The National Addiction and Health Data Archive Program (NAHDAP) accepts data on substance use and health-related topics. NAHDAP is funded by the National Institute on Drug Abuse (NIDA) but also accepts high-priority data collections funded by other sources. NAHDAP’s mission is to preserve deposited files in perpetuity. Below, you will find a link to NAHDAP’s online deposit form as well as guidance on how to prepare your data for deposit.

To complete a data deposit, click on the “Deposit Data” button above. Please make sure that “NAHDAP” appears in the “Archive” field so that your data are archived with us. Please contact us at icpsr-help@umich.edu if you have any questions.

  1. Final version of each dataset generated during the project, including scale or other derived variables created for published analyses (required)
    • Provide quantitative data in SPSS, SAS, Stata, or R formats with all variable and value names and labels embedded within the file. If you provide the data in SAS format, include formats file(s).
    • Provide qualitative data in plain text (*.txt), rich text (*.rtf), scanned image of text with OCR (*.pdf), or Microsoft Word (*.doc, *.docx).
  2. Codebook(s) listing the variable names, variable labels, value labels, and missing value designations (an SPSS dictionary with these elements can suffice) (required)
  3. User guide, manual, or other metadata or documents (such as research articles) that describe the methodology and data collection protocols (required)
  4. Programming code necessary to reproduce all constructed measures and to link/merge files as needed (nice to have)
  5. Blank copy of each data collection instrument (nice to have)
  6. IRB approval and blank copy of consent form(s) used (nice to have)
  7. Inventory of the files deposited (nice to have)

NAHDAP accepts quantitative, qualitative, imaging, video, and other types of data.

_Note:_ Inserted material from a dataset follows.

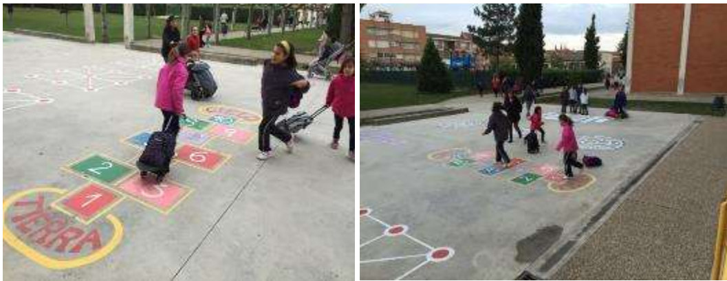
Foto 2: Niños/as jugando en el patio por la mañana antes de subir a clase
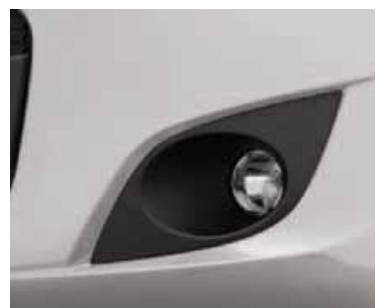
BLANCO BANCHISA (PASTEL)

All data accepted at NAHDAP must include information on substance use. You can find more information about our current priorities below:

Studies with one or more of the following characteristics are considered high-priority:

  • Data that advance knowledge or address gaps identified in NIDA’s strategic priorities.
  • Data from probability samples from studies that use some form of random selection to increase representativeness.
  • Longitudinal data from studies that take place over time, with at least two waves of data collection using the same measures.
  • Studies that include common/standardized measures and/or overlap in methods used or measures included with NAHDAP studies.

To support data science and advanced analytics, NAHDAP is interested in datasets that are:

  • Available in machine-readable, standardized formats, with clear documentation and metadata.
  • High–quality and have undergone quality assurance for missingness, outliers, and validity.
  • De-identified to protect privacy.
  • Sufficiently large and scalable for robust analysis.
  • Include relevant features for AI approaches, such as structured survey responses, time-stamped event logs, free-text (for NLP), sensor data, or imaging (with de-identified metadata).

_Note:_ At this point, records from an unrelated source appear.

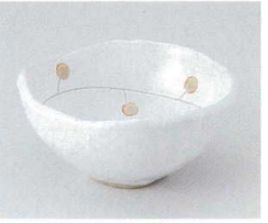
09710-076 700円 250705811 木ノ実丸小鉢 (125×121×58mm)
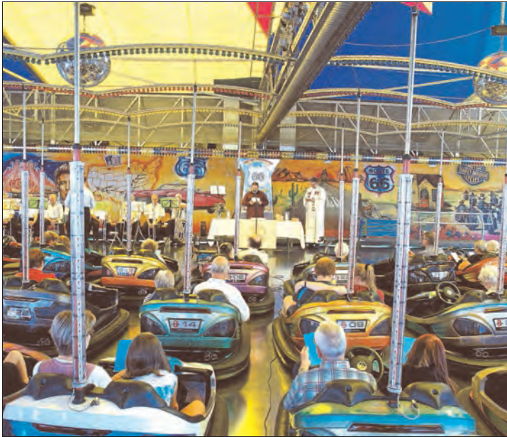
Ein fester Termin auf dem Rudolstädter Vogelschießen ist der Schautellergottesdienst am letzten Sonntag des Rummels.
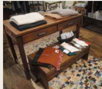
お友達や大事な人へのプレゼントに♡
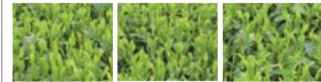
図1 4月27日(被害1か月後)の新芽

新茶の時期が近づき、生産者の皆様は毎年のことながら期待と不安で胸躍る日々をお過ごしのことと推察いたします。さて今年も全国的な冷え込みで、3月以降の気温次第では新茶が昨年より遅れることも予想されますが、茶樹は休養充分で良質な味の良いお茶が摘採できるものと思えます。ところで、八女茶の製造の割合のなかで「玉露」「冠茶」「煎茶」と3分類したときに「冠茶」の比率が多すぎると感じます。確かに八女茶という標準からすれば「冠茶」が無難かなとは思いますが、本質的な部分では「八女茶」＝「甘い玉露」という「まい煎茶」でゆくべきではないかと思えます。それも単価を無視した茶づくりではなく、厳しい消費者に合った適正な価格でいかにおいしい八女茶を提供できるかの努力が必要と考えます。特に、今年話題の「深蒸し茶」がキーポイントになりそうなので八女茶は揉み崩していない茶をお願いしたいと存じます。生産者皆様の健闘をお祈りいたします。

NAHDAP’s Selection Criteria:

  • Demonstrate high scientific, methodological, and ethical standards.
  • Enable secondary analysis and/or replication.
  • Accompanied by sufficient documentation (metadata, codebooks, protocols).
  • Protect participant privacy and adhere to informed consent, especially for sensitive populations.
  • Include diverse populations that reflect the lived experiences of all people within communities being studied.
  • Accessible in formats supporting interoperability and broad reuse (e.g., SPSS, SAS, Stata, R, etc.).
  • Promote open science — datasets with embargo or limited access will be reviewed carefully to ensure public value.

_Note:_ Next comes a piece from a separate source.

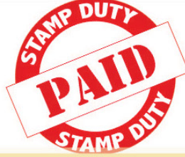
मुद्रांक शुल्क व नोंदणी फी चा भरणा
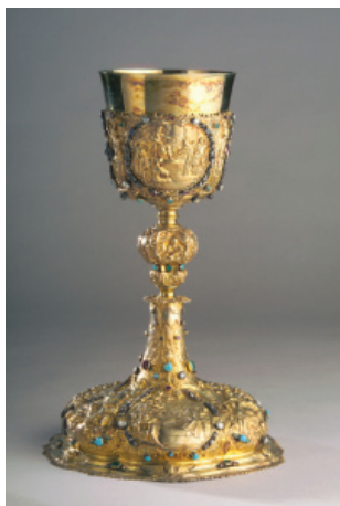
KÁROLY AMBRUS KELYHE Johan Jakob Vogelmund, Augsburg 1717. Esztergomi Főszékesegyházi Kincstár

NAHDAP is open to discussions about any dataset that may be of use to the substance use research field. However, the following types of data are not considered a high priority. If archived, they may be preserved with only minimal processing by NAHDAP staff:

  • Data that better fit another domain repository, such as DBGAP
  • R21 experimental studies (i.e., pilot data) without plans to archive follow-up data
  • Data without social science content
  • Data from non-human subjects (e.g., animals)

The following are best practices for preparing your data and documentation for archiving at NAHDAP. For more information, please refer to ICPSR’s Guide to Social Science Data Preparation and Archiving, Guide for Sharing Qualitative Data, and Depositor Checklist.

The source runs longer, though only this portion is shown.